» WHAT IS REQUIRED:
Reproduce, unchanged, the lines between the one holding "ふじの里のみなさんも「いとま" and the last line of the records, including both ends, but no pictures.
┄┄┄┄┄┄┄┄┄┄
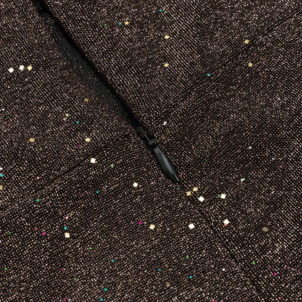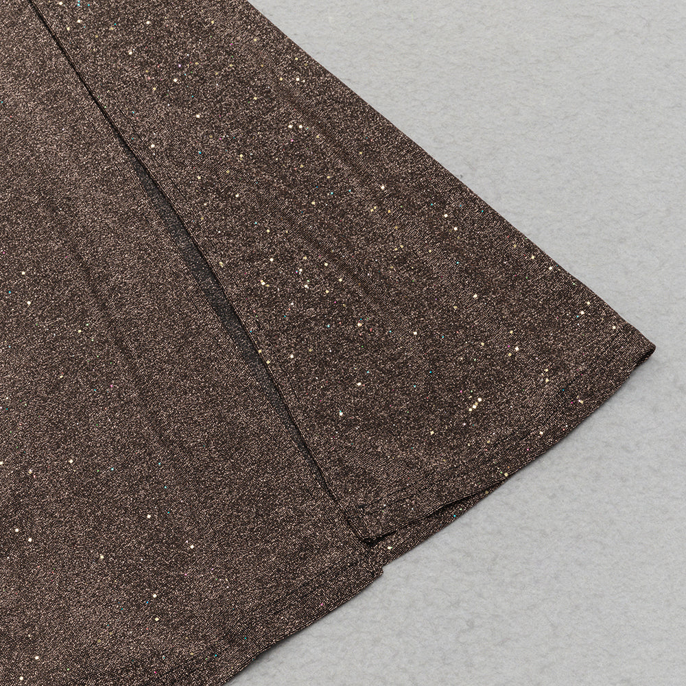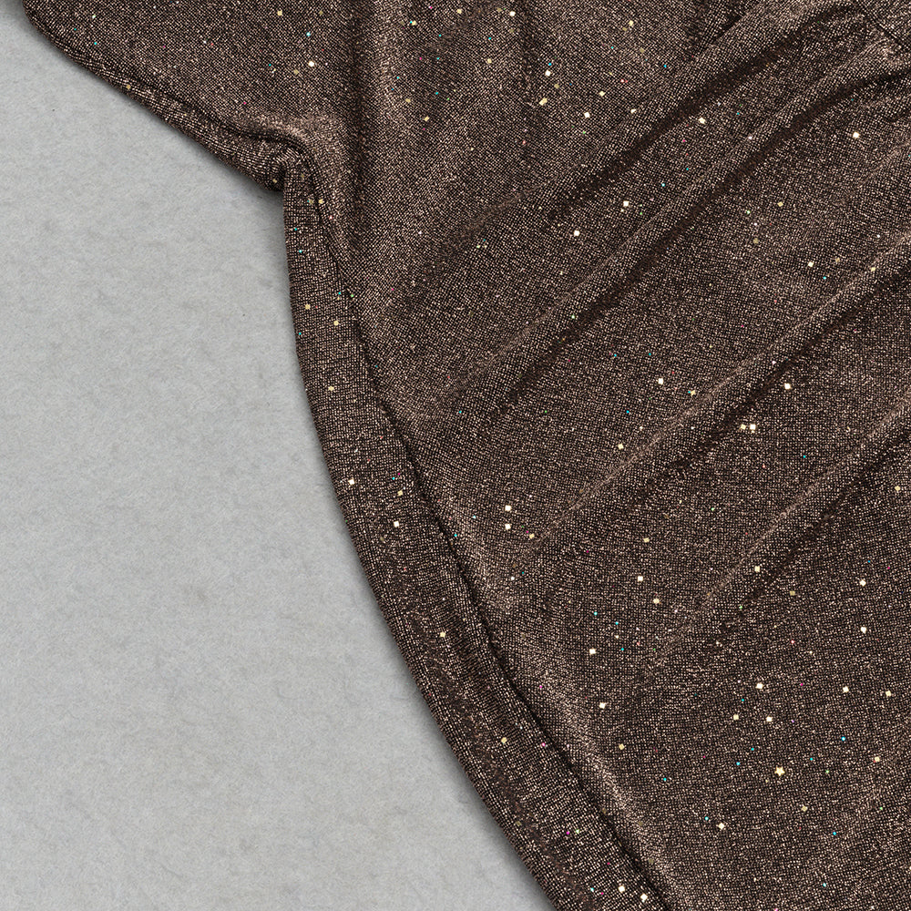 Featuring a bold, high-slit design and eye-catching glitter detailing, this dress will have you shining all night long. With its comfortable fit and stunning silhouette, it's the perfect choice for any special occasion.
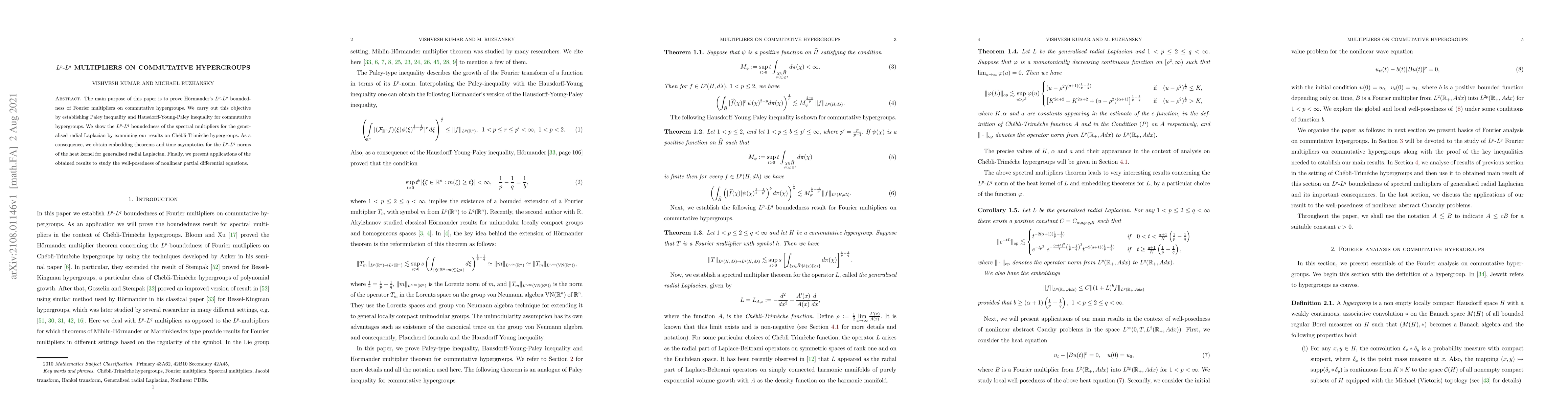 The main purpose of this paper is to prove H\"ormander's $L^p$-$L^q$ boundedness of Fourier multipliers on commutative hypergroups. We carry out this objective by establishing Paley inequality and Hausdorff-Young-Paley inequality for commutative hypergroups. We show the $L^p$-$L^q$ boundedness of the spectral multipliers for the generalised radial Laplacian by examining our results on Ch\'{e}bli-Trim\`{e}che hypergroups. As a consequence, we obtain embedding theorems and time asymptotics for the $L^p$-$L^q$ norms of the heat kernel for generalised radial Laplacian. Finally, we present applications of the obtained results to study the well-posedness of nonlinear partial differential equations.
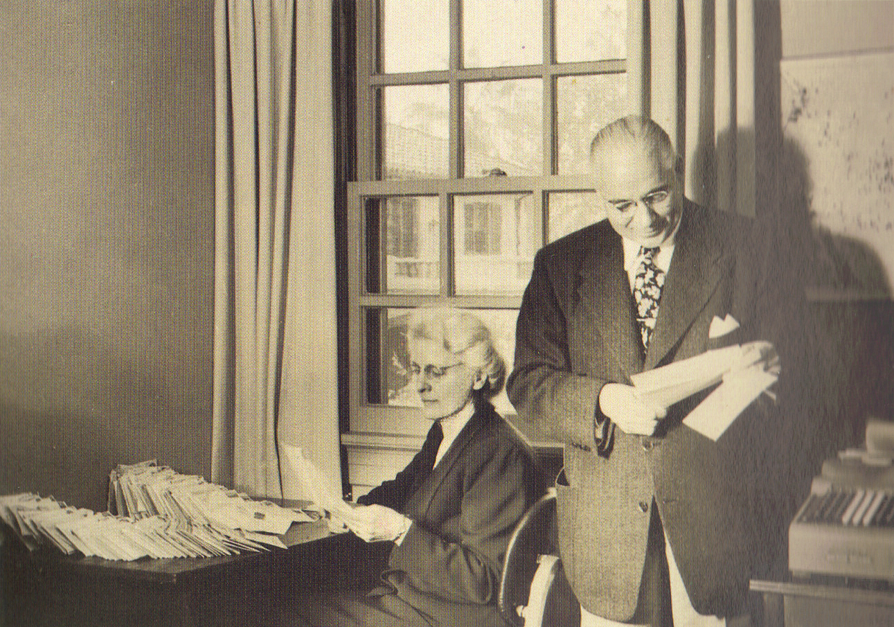 According to usual office standards, we might have thought we needed a better office, with sunlight and ventilation. We might have thought modern steel filing cabinets were a need. I was still using cardboard cartons, obtained free at the grocery store, as receptacles for keeping correspondence files. We might have thought that office desks to work on, if only secondhand, were needed. But we were able to work, these years, on a few old tables we found in our little, stuffy, $5-per-month office room.
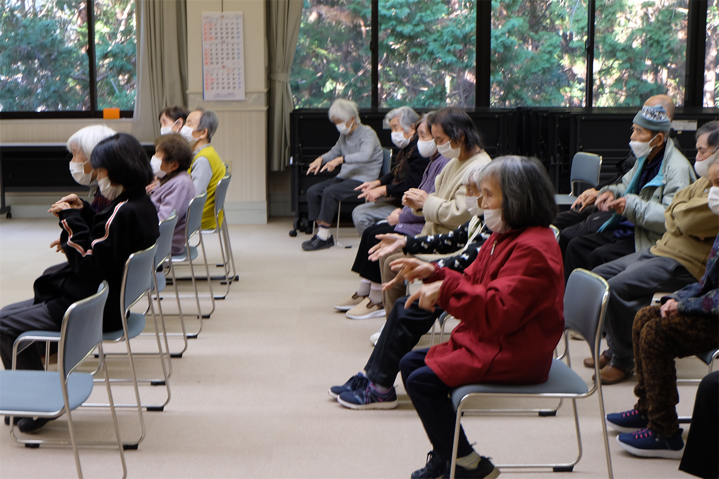 ふじの里のみなさんも「いとまき」の曲の演奏に合わせて一緒に手遊びをしている姿も見られ子ども達も「やってくれてたね
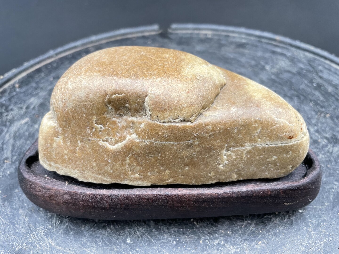 komplett naturbelassener, fein strukturierter Stein auf einem maßgefertigten "Dai" aus Holz; Höhe ca. 9,5x19 cm
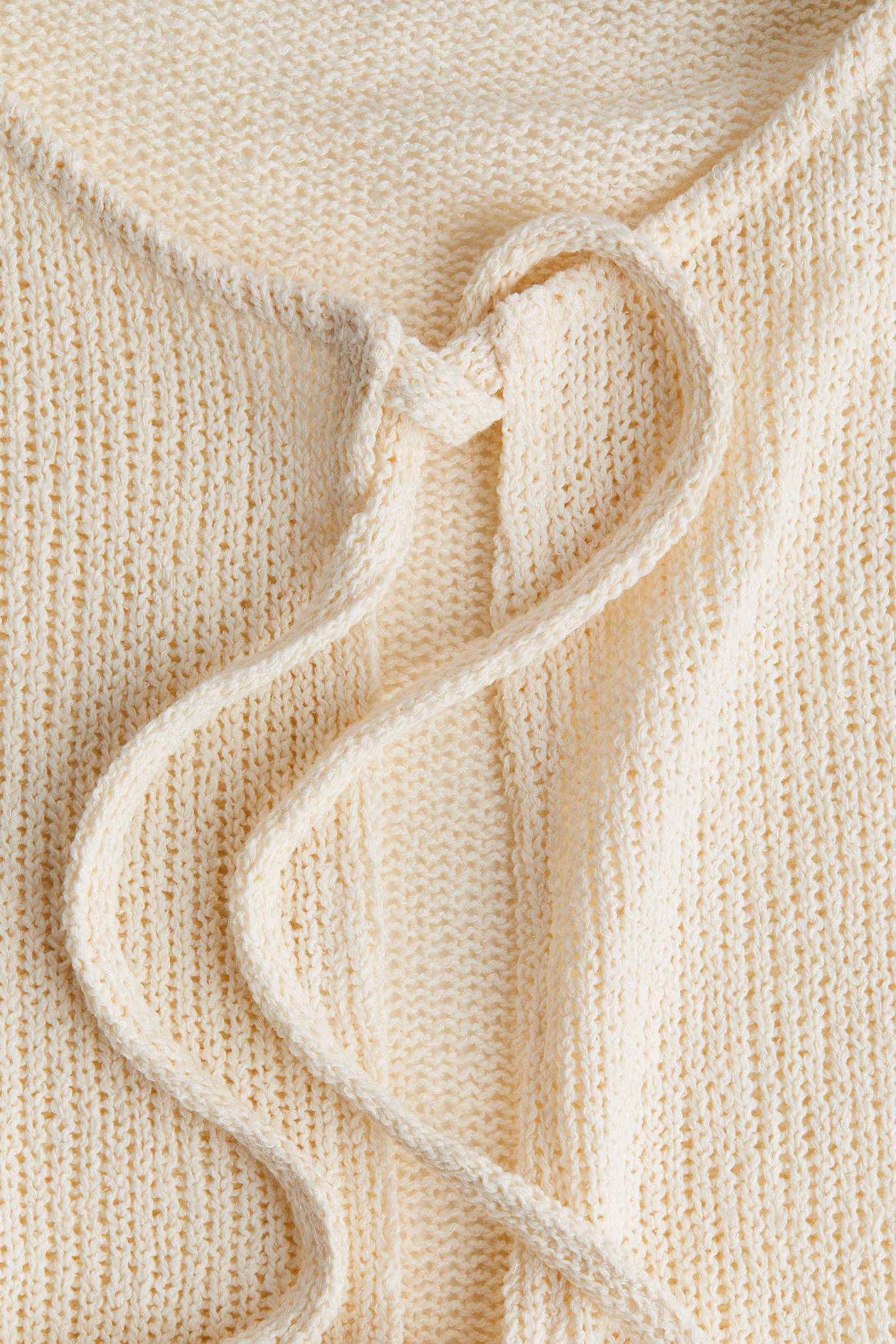 Short, fitted, sleeveless top in a soft knit. Round neckline, open front with three sets of narrow ties, and a flared peplum.
┄┄┄┄┄┄┄┄┄┄
» ANSWER TO THIS PROBLEM:
 ふじの里のみなさんも「いとまき」の曲の演奏に合わせて一緒に手遊びをしている姿も見られ子ども達も「やってくれてたね
 komplett naturbelassener, fein strukturierter Stein auf einem maßgefertigten "Dai" aus Holz; Höhe ca. 9,5x19 cm
 Short, fitted, sleeveless top in a soft knit. Round neckline, open front with three sets of narrow ties, and a flared peplum.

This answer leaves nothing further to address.